As a result, impressive economic progress has been made during the last 12 years. About73 percent of the post-1975 growth rate has been achieved during this era. After 1975, remittances increased 285 times and exports 133 times. Per capita income has tripled in the last one decade. Reserves have increased almost sevenfold (44 billion dollars) in a decade. Recognition as a developing country came inevitably from the UN. Megaprojects including the Padma bridge and Metro-rail are in sight. These will have a huge positive impact on investment, employment, and poverty alleviation. With sufficient economic power, it was possible to announce and implement a stimulus equal to 4.4 percent of GDP to fight the economic slowdown induced by the pandemic. However, half of the Tk10,000 crore incentive for social security has not yet been implemented. Until the pandemic struck, poverty and extreme poverty had been reducing rapidly, but both started rising due to the health crisis. Fortunately, inflation has been kept under control (5-6 percent). In five decades, food production has quadrupled. Sixty percent of rural income is now coming from the non-agricultural sector. The quantity of health and educational services has been improving. However, the qualities of both remain questionable. Undoubtedly, more positive changes were imminent. But the pandemic has forced everything into disarray.

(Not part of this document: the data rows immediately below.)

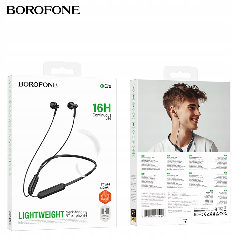 Борофон BE70 Світло - це бездротові навушники з аудіо / вушними навушниками в технології Bluetooth 5.4, оснащені кабелем довгим з'єднанням 85 см, пов'язкою на голову, а також магнітними тілами, що запобігають втраті та заплутанню навушників. У навушниках є мікрофон, який дає вам можливість проводити телефонні дзвінки та кнопки для управління музикою, регулюванням гучності або телефонними з'єднаннями та розмовами. Навушники мають багатоточкову функцію, яка дозволяє підключати два мобільні пристрої одночасно та в той же час.
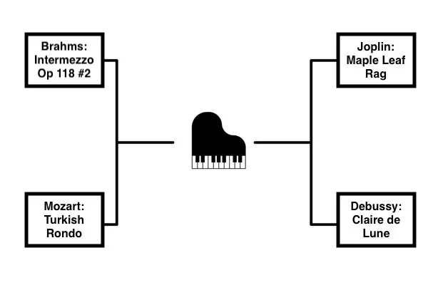 Have you been playing Piano Madness? We’ve narrowed it down to the Final Four! Will Scott Joplin's “Maple Leaf Rag” continue to surprise as it goes head-to-head with Debussy's “Claire de Lune”? And who could predict a winner in the head-to-head match of Mozart versus Brahms? Vote now and help decide what Filippo will play on Piano Day!
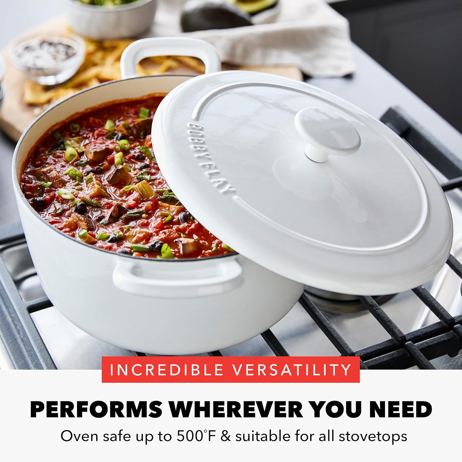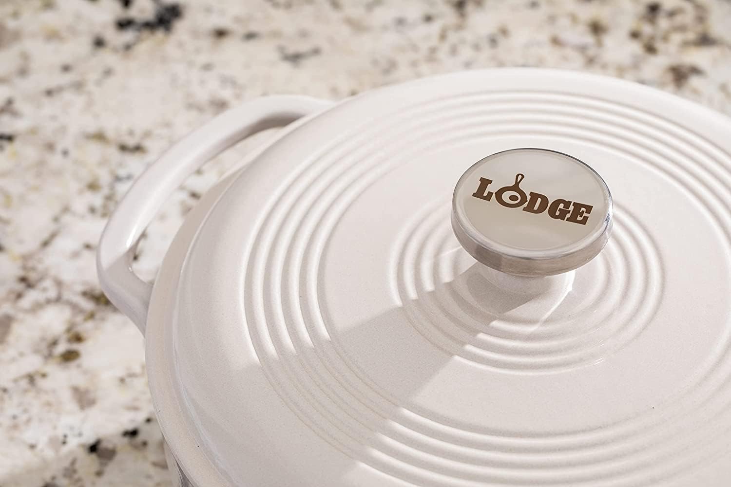 Lodge 3 Quart Enameled Cast Iron Dutch Oven with Lid – Dual Handles – Oven Safe up to 500° F or on Stovetop - Use to Marinate, Cook, Bake, Refrigerate and Serve – Oyster White
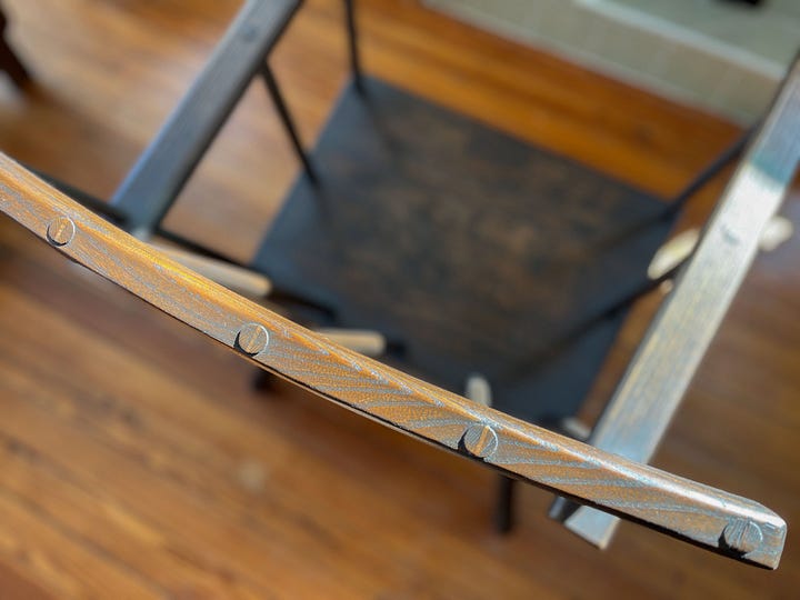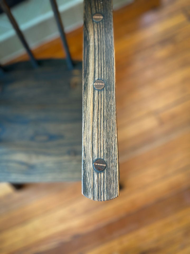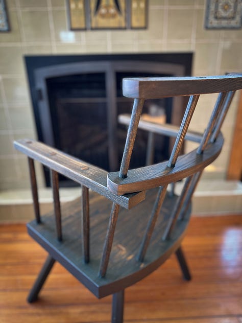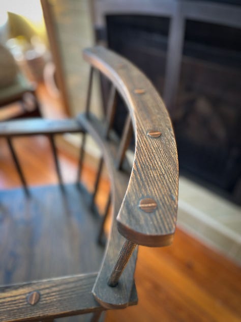 All the wedged tenons are left a bit proud (maybe 1/16") and burnished with steel to remove any hard edges and polish them. This chair doesn’t look like an old chair. But it will soon.
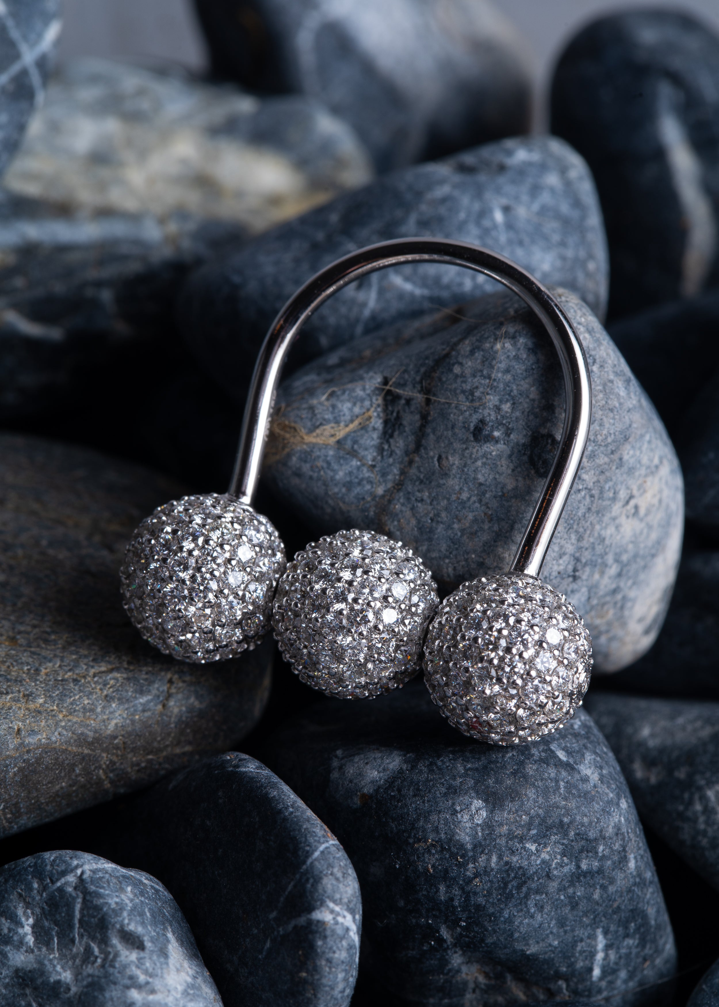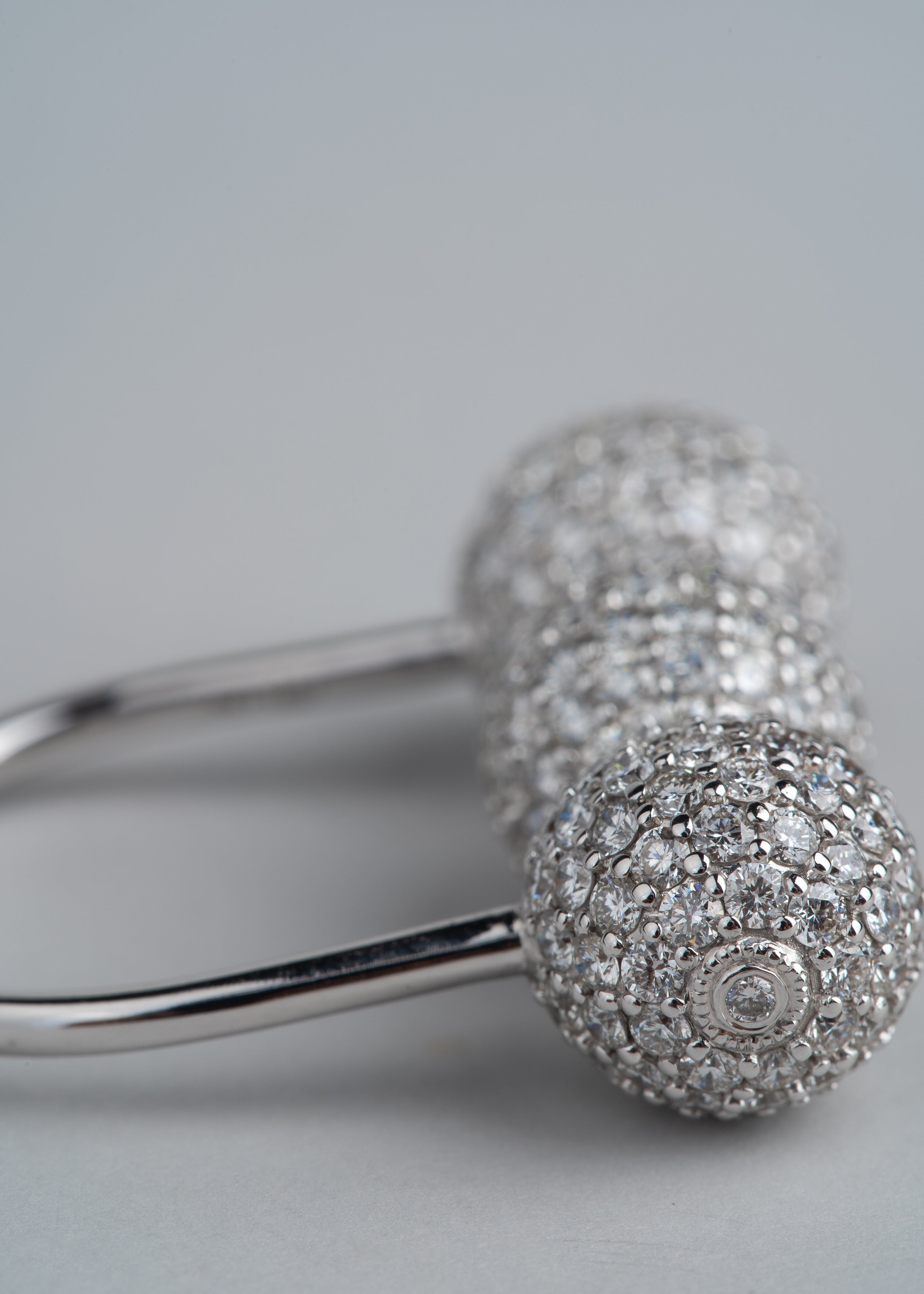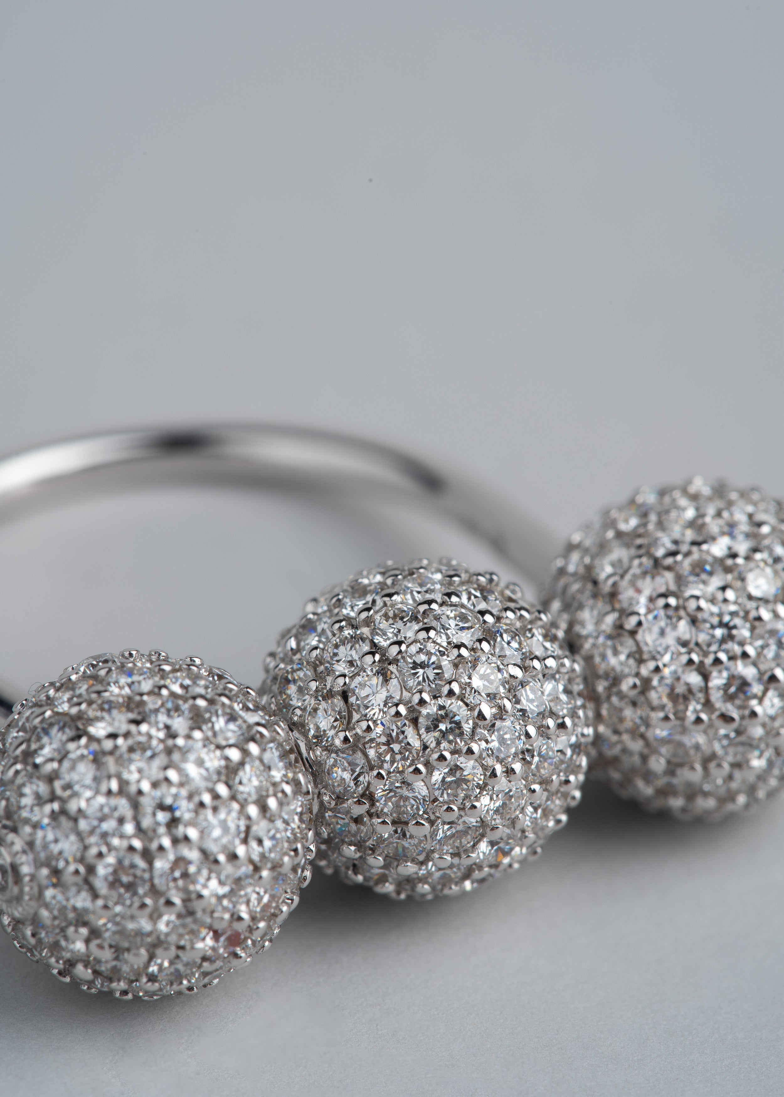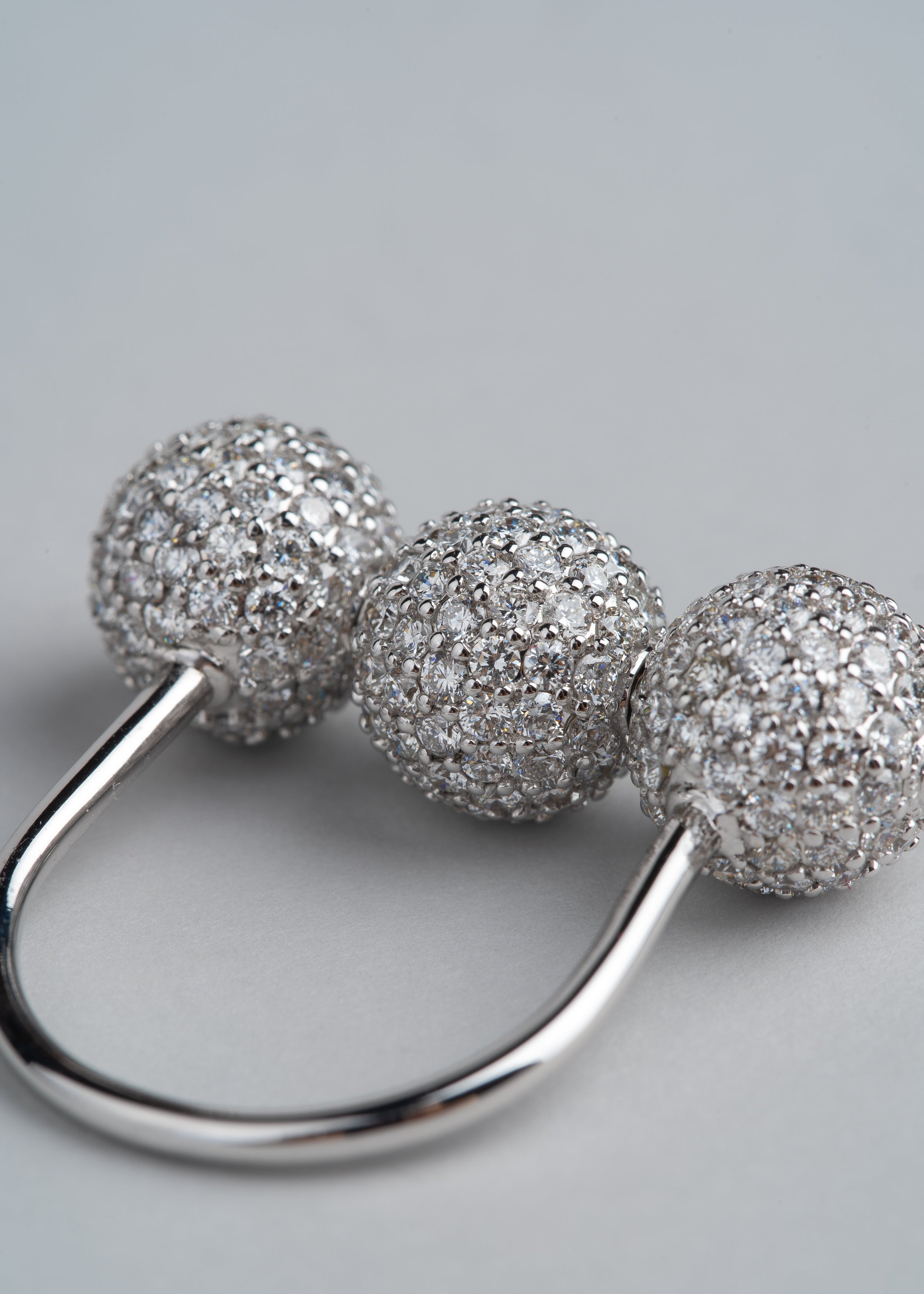 A new addition to our signature Abacus ring, XXL edition. The middle sphere is movable on its axis. All Around natural diamond pavé.
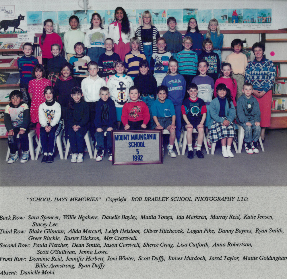 Date1992Reference NumberPhoto 13-1291DescriptionPhotograph of Mount Maunganui Primary School room 5 1992. From images collected during centenary celebrations 2013. Back row: Sara Spencer - Willie Ngahere - Danelle Bayley - Matilda Tonga - Ida Marksen - Murray Reid - Katie Jensen - Stacey LeeThird row: Blake Gilmour - Alsida Mercuri - Leigh Helsloot - Oliver Hitchcock - Logan Pike - Danny Baynes - Ryan Smith - Greer Ritchie - Buster Dickson - Mrs CresswellSecond row: Paula FLetcher - Dean Smith - Jason Carswell - Sheree Craig - Lisa Cutforth - Anna Robertson - Scott O'Sullivan - Jenna LoweFront row: Dominic Reid - Jennifer Herbert - Joni Winter - Scott Duffy - Janes Murdoch - Jared Taylor - Mattie Goldingham - Billie Armstrong - Ryan DuffyAbsent: Danielle MohiPhotograph of Mount Maunganui Primary School room 5 1992. From images collected during centenary celebrations 2013. Back row: Sara Spencer - Willie Ngahere - Danelle Bayley - Matilda Tonga - Ida Marksen - Murray Reid - Katie Jensen - Stacey LeeThird row: Blake Gilmour - Alsida Mercuri - Leigh Helsloot - Oliver Hitchcock - Logan Pike - Danny Baynes - Ryan Smith - Greer Ritchie - Buster Dickson - Mrs CresswellSecond row: Paula FLetcher - Dean Smith - Jason Carswell - Sheree Craig - Lisa Cutforth - Anna Robertson - Scott O'Sullivan - Jenna LoweFront row: Dominic Reid - Jennifer Herbert - Joni Winter - Scott Duffy - Janes Murdoch - Jared Taylor - Mattie Goldingham - Billie Armstrong - Ryan DuffyAbsent: Danielle MohiFormatPrint
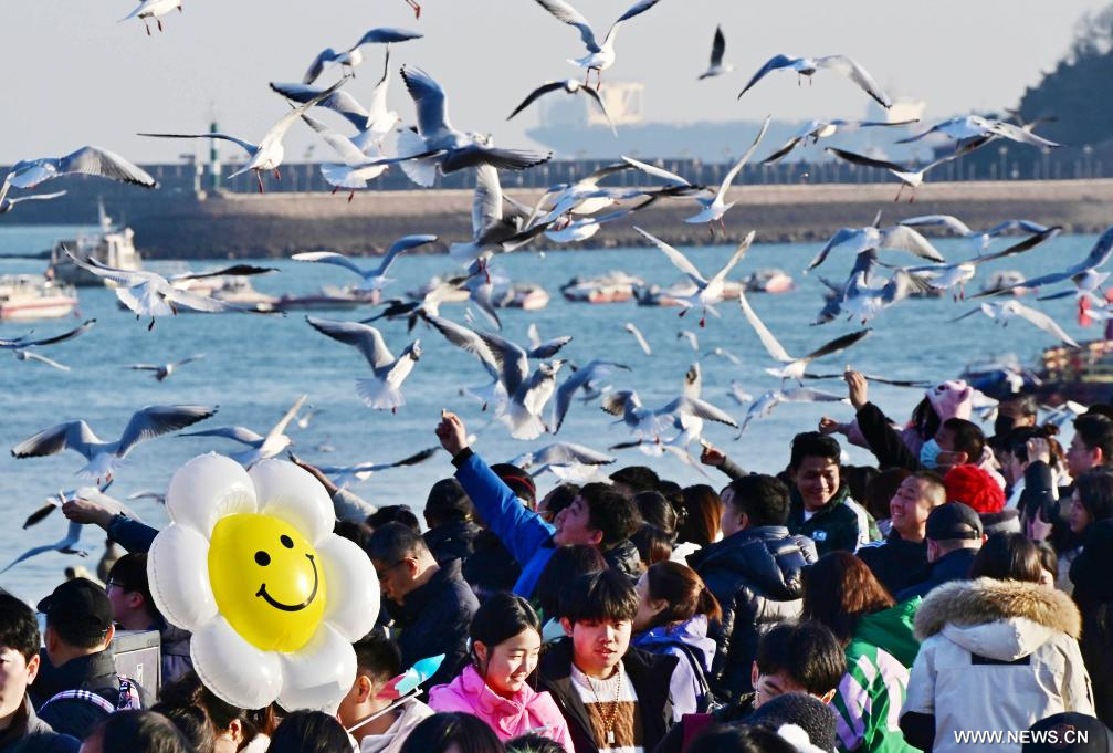 مشاهد لطيور النورس وهي تحلق في سماء مدينة تشينغداو الصينية

However, before the pandemic, the macroeconomic success was seen to have improved social indicators. The number of children per couple has come down to 2.1. The average life expectancy has increased from 65 years in 2005 to 73 years at present (The South Asian average is 68 years). Digitization has been a driving force behind this positive transformation. E-commerce has revolutionized trade and commerce. The market size of e-commerce is huge (200 billion taka). The digitization of government services, decentralization, and quality of services provided to the people have improved. Without this, the economy would have come to a grinding halt during the lockdowns. Moreover, the Eighth Five-Year Plan is paving the way for economic recovery. Around Tk 65 trillion will be required to implement the Plan. Most of this will be mobilized from domestic sources. Approximately 11.3 million jobs will be created during the planned period, invigorating domestic demand. Generating 30,000 MW of electricity will improve the quality of life. Eighty-one percent of the required investment will come from the private sector. Therefore, policy focus must continue to improve the business environment. Investment in education, health, and social security must be increased (this requires ensuring effective use of digital technology). Investment and policy focus on modernization and diversification of agriculture needs to be boosted as well. In addition to continuing the growth of the RMG sector, the ICT sector needs to emerge as a new engine of growth. The country's economy needs deeper linkage to local, regional, and global value chains. The policy priorities in infrastructure development need to be continued and enhanced if possible.
Immense potential is undoubtedly awaiting us. However, there are also many challenges ahead. We must keep in mind that enhanced tax collection and a competitive capital market will be our hope for long-term capital mobilization. Improving tax collection skills using digital technology should be given top priority. Along with the necessary reforms in the capital market, the bond and sukuk markets need to be activated in a real sense. The Bangladesh Security Exchange Commission has already started moving in this direction. But a lot more deserves to be done. Therefore, there is no alternative to the best practice of reporting and disclosures on capital market information to gain the confidence of investors. Expatriate Bangladeshis will be especially interested in our well-run bond market. Additionally, keeping the process of economic recovery green (i.e., environmentally friendly), digital and inclusive must be at the very center of policy drive.
Everything comes to a standstill because of bureaucratic complexity. Due to an extreme lack of coordination, resources are being left unused and wasted. So, the implementation trend must be constantly monitored. Above all, to ensure good governance, the anti-corruption stance of the top leadership must be reflected even in the grassroots level. If political stability and continuity are preserved while maintaining social peace, democratic participation, and justice, we will be able to reach the desired goal of becoming a prosperous country defying all challenges. However, defeating the pandemic must be our top priority now.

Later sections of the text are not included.